College Student Opens up About Surviving Two Mass Shootings

Brown University junior and Saugus High survivor Mia Tretta recalls enduring two mass shootings, renewed trauma, campus lockdowns, and the lasting impact of gun violence on students. Pixabay, SimaGhaffarzadeh

A Brown University student who once survived a school shooting in California has spoken about living through another attack, saying she never believed it could happen twice.

Junior Mia Tretta, 21, was on campus in Providence on Saturday when a gunman opened fire during final exams, killing two people and injuring nine others at the university's engineering building. Police later detained a person of interest, and the campus remained on edge as officers continued to patrol the area.​

Brown University Student Survives Second Mass Shooting

Tretta was in her dorm room studying with a friend when the first alert arrived, warning of an emergency at the engineering complex. At first, she thought something serious had happened, but did not immediately assume it was a shooting, according to the BBC.

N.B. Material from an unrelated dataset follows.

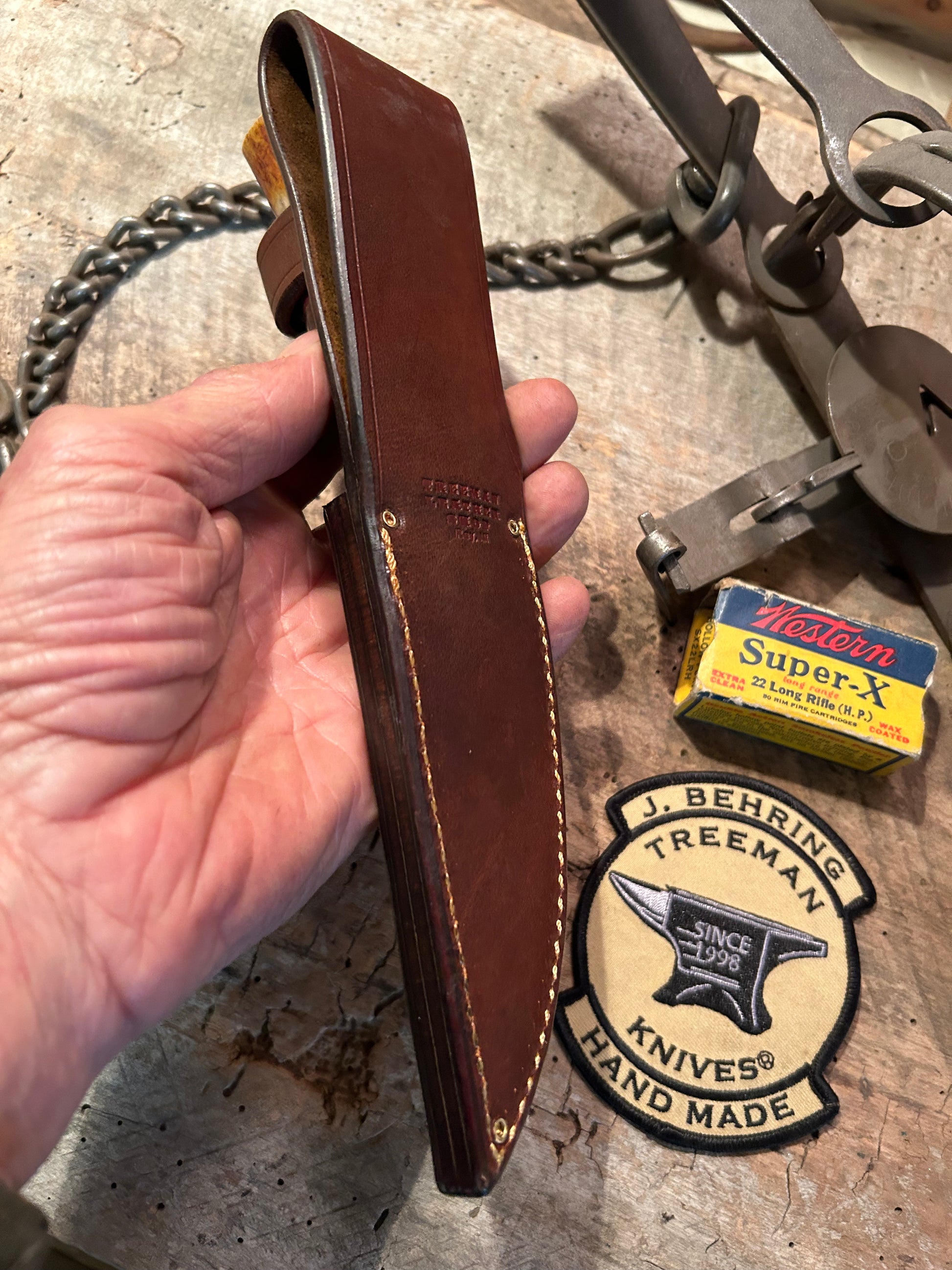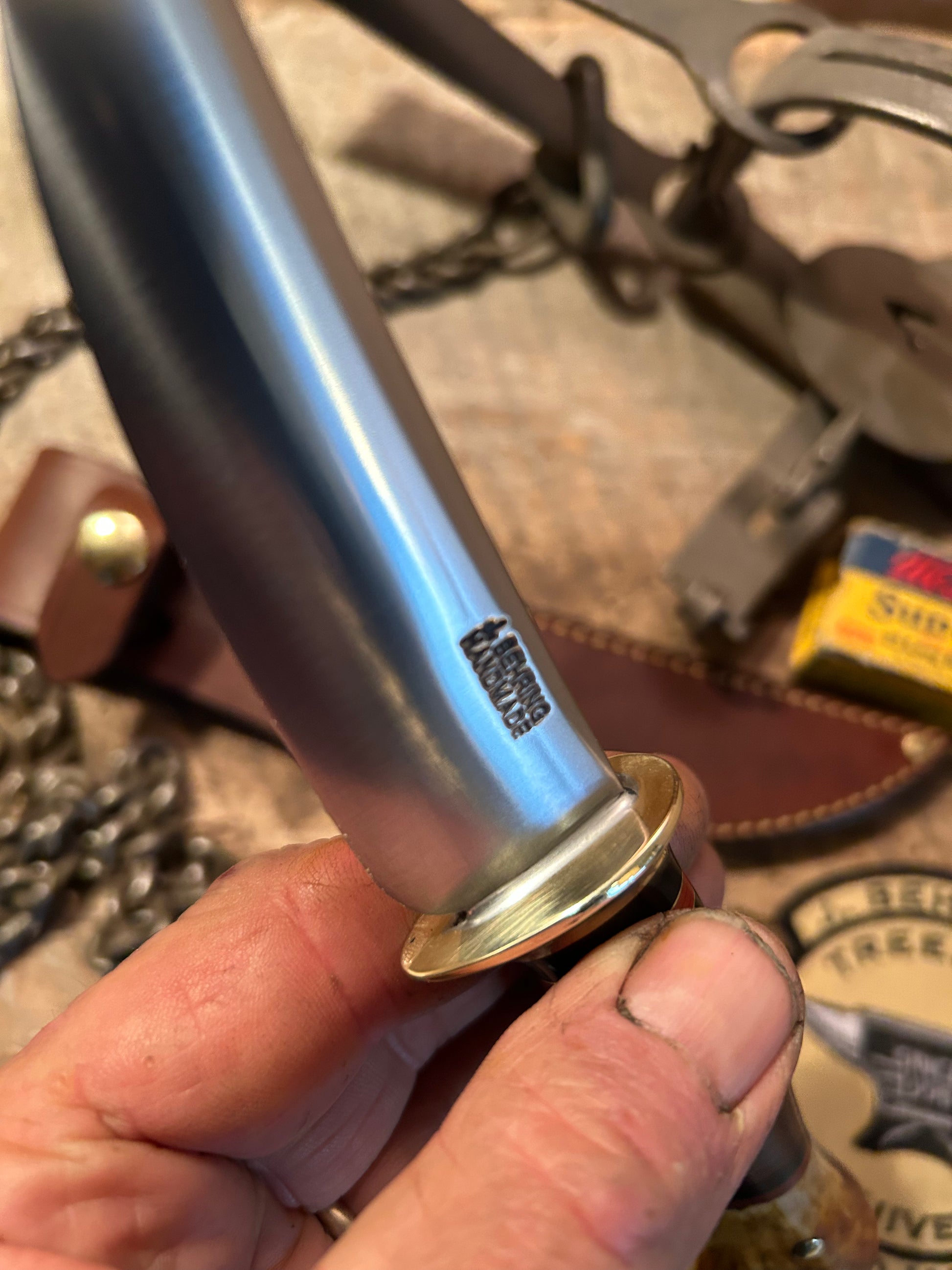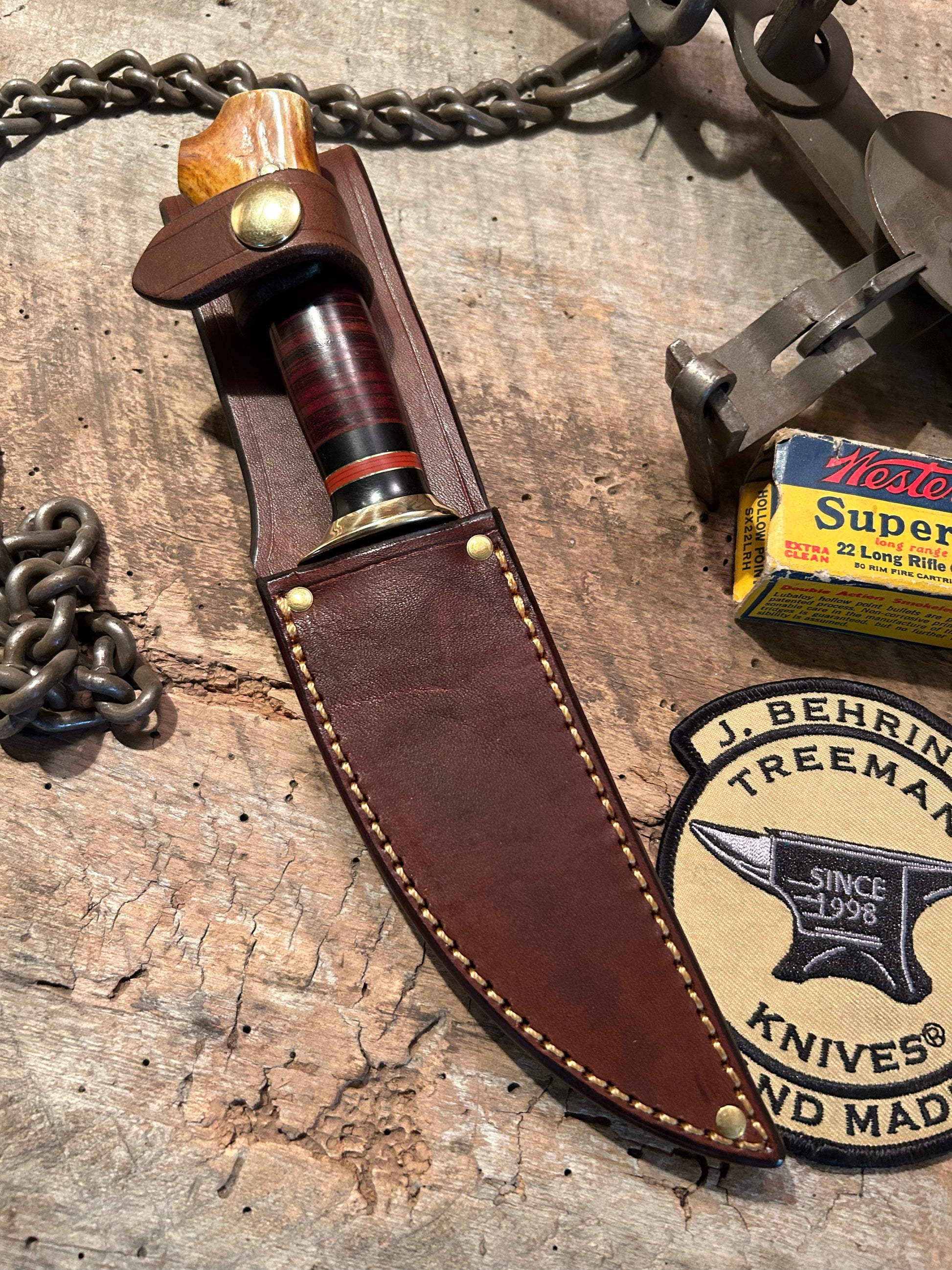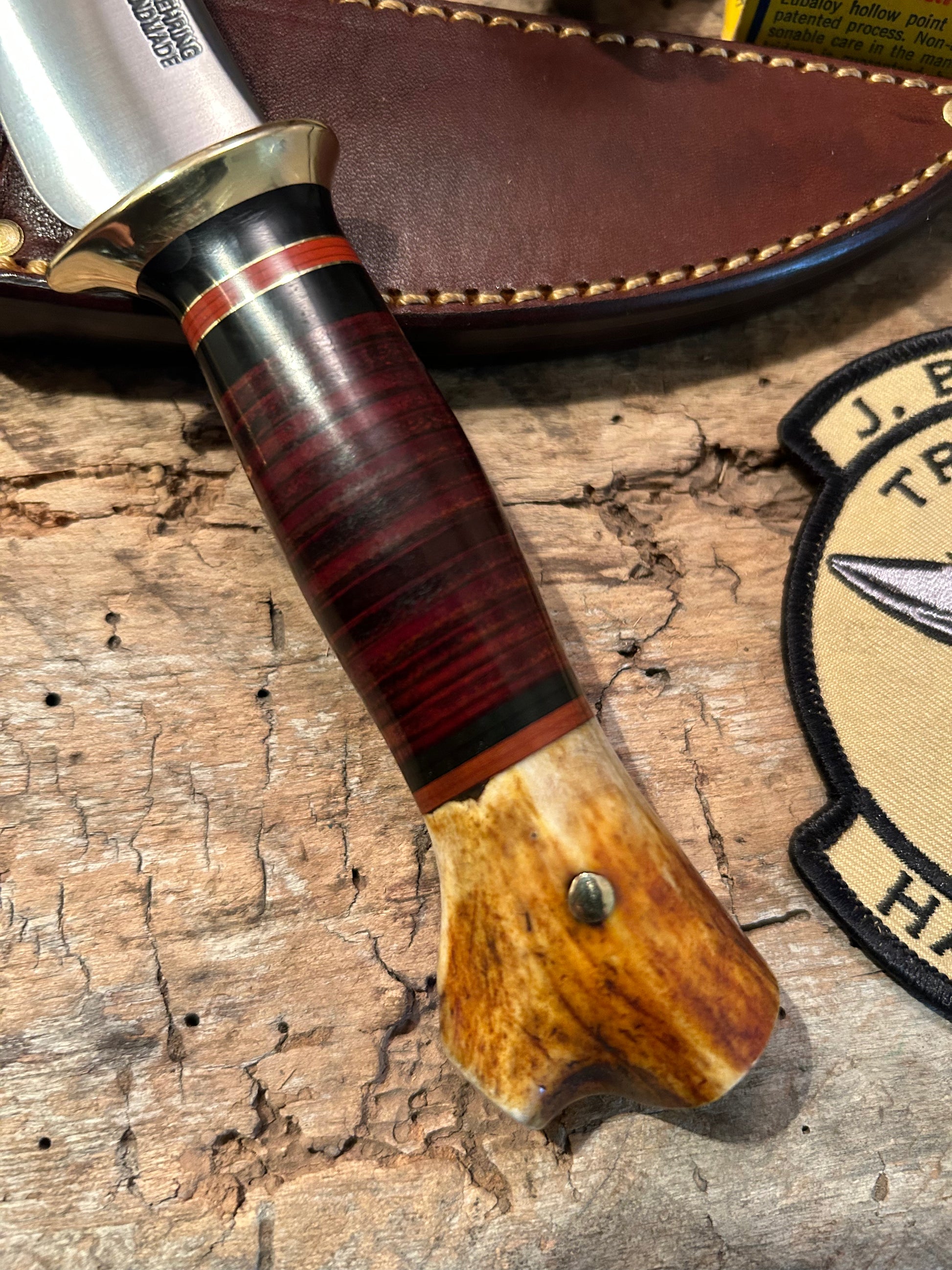 This J. Behring handmade Deer & Trout Sticker has a 4" hand forged 1095 blade with a silver soldered brass guard. The hidden tang handle has super tough horse hide hand cut and a cool spacer stack with a pretty little white tail croych stag pinned butt. Sheath made to fit perfect. Great little all around every day knife with a wonderful price tag.  Thanks, Jim

As more messages urged students to lock doors, stay away from windows, and shelter in place, she realised the language was the same as the alerts she received during a previous attack, and she stayed inside, checking on friends by text.​

Six years earlier, Tretta had been shot in the abdomen when a 16-year-old opened fire at Saugus High School in Santa Clarita, California, in 2019. Two students were killed in that attack, including her best friend, and several others were wounded. Tretta spent days in the hospital, underwent surgery, and still carries bullet fragments, later becoming involved in advocacy on gun violence and "ghost guns," the type of weapon used at her high school.​

Opening Up About Her Experiences

Speaking after the Brown shooting, she said no one should have to live through one mass shooting, let alone two, and described feeling disbelief that it was happening again, Boston reported. She explained that she chose Brown because it felt like a place where she could finally feel safe and try to live a more normal life as a survivor, but now fears and memories from her teenage years have resurfaced.

Tretta has leaned on relatives, fellow survivors, and campus counseling services in the days since the attack, saying the incident has again changed how she moves through classrooms and public spaces.​

Tretta has been studying international and public affairs and education, and has been working on a paper about the educational paths of students who have lived through school shootings. That assignment was due days after the Brown attack, which again disrupted her campus and her routine.

She is one of several Brown students who have previously experienced school shootings, including sophomore Zoe Weissman, who lived through the Parkland, Florida, tragedy as a middle schooler, illustrating how one generation is now carrying the impact of multiple mass shootings through high school and college, as per Yahoo News.